Concepts
Overview¶
Understanding the core building blocks of observability helps you monitor, debug, and optimize your applications. The four key concepts work together to give you complete insight into your application's behavior: spans and traces show you what's happening and how long it takes, metrics reveal trends and performance over time, and logs capture specific events and details.

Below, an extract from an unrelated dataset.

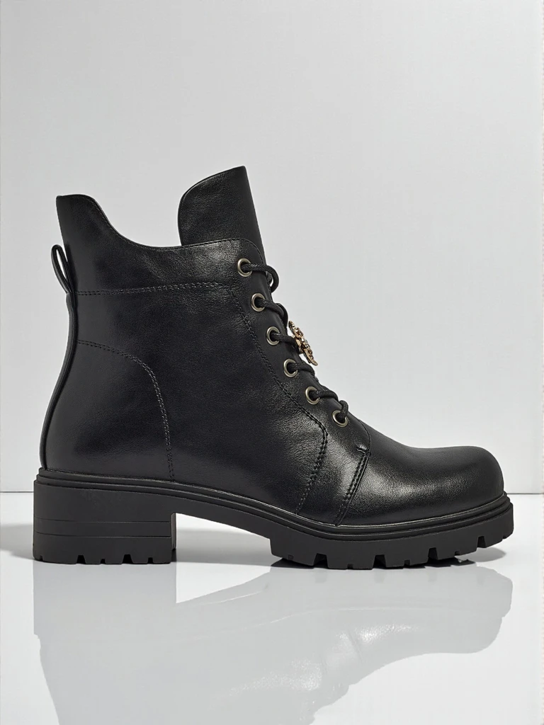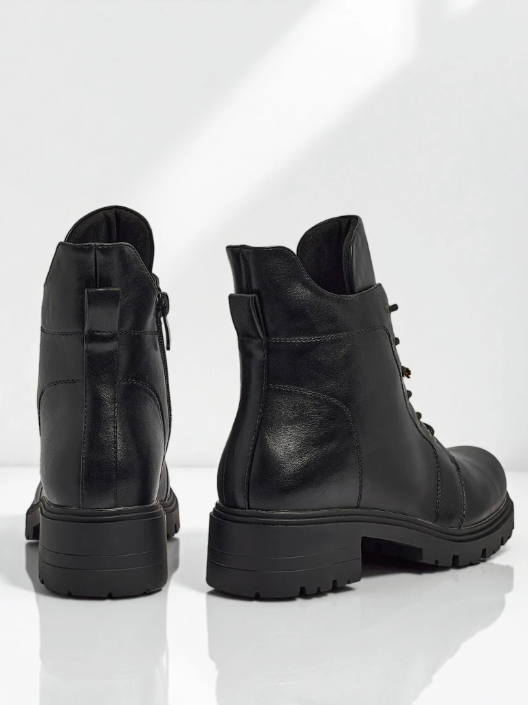- Жіночі ботильйони з екошкіри, із застібкою-блискавкою та декоративною шнурівкою і круглим носком, додатково утеплені у вигляді хутра - сучасність, зручність та стиль в одному.

New to observability? Another great resource is the OpenTelemetry primer.
Concepts¶
Concept | Description |
---|---|
Span | Atomic unit of telemetry data |
Trace | Contains spans, tree structure shows parent/child relationships |
Metric | Values calculated using telemetry data |
Log | No duration, timestamped, emitted by services/loggers |
What is a Span?¶
A span is the building block of a trace. You might also think of spans as logs with extra functionality — a single row in our live view.
Info
Spans let you add context to your logs and measure code execution time. Multiple spans combine to form a trace, providing a complete picture of an operation's journey through your system.
What is a Trace?¶
A trace is a tree structure of spans which shows the path of any client request, LLM run, API call through your application.
Spans are ordered and nested, meaning you can think of this like a stack trace - it shows you the whole history of all services touched and all responses returned.
Info
Traces are not limited to a single service — they can be propagated to completely different and isolated services. For example, a single trace could contain http requests to both a Python API and a SQL database.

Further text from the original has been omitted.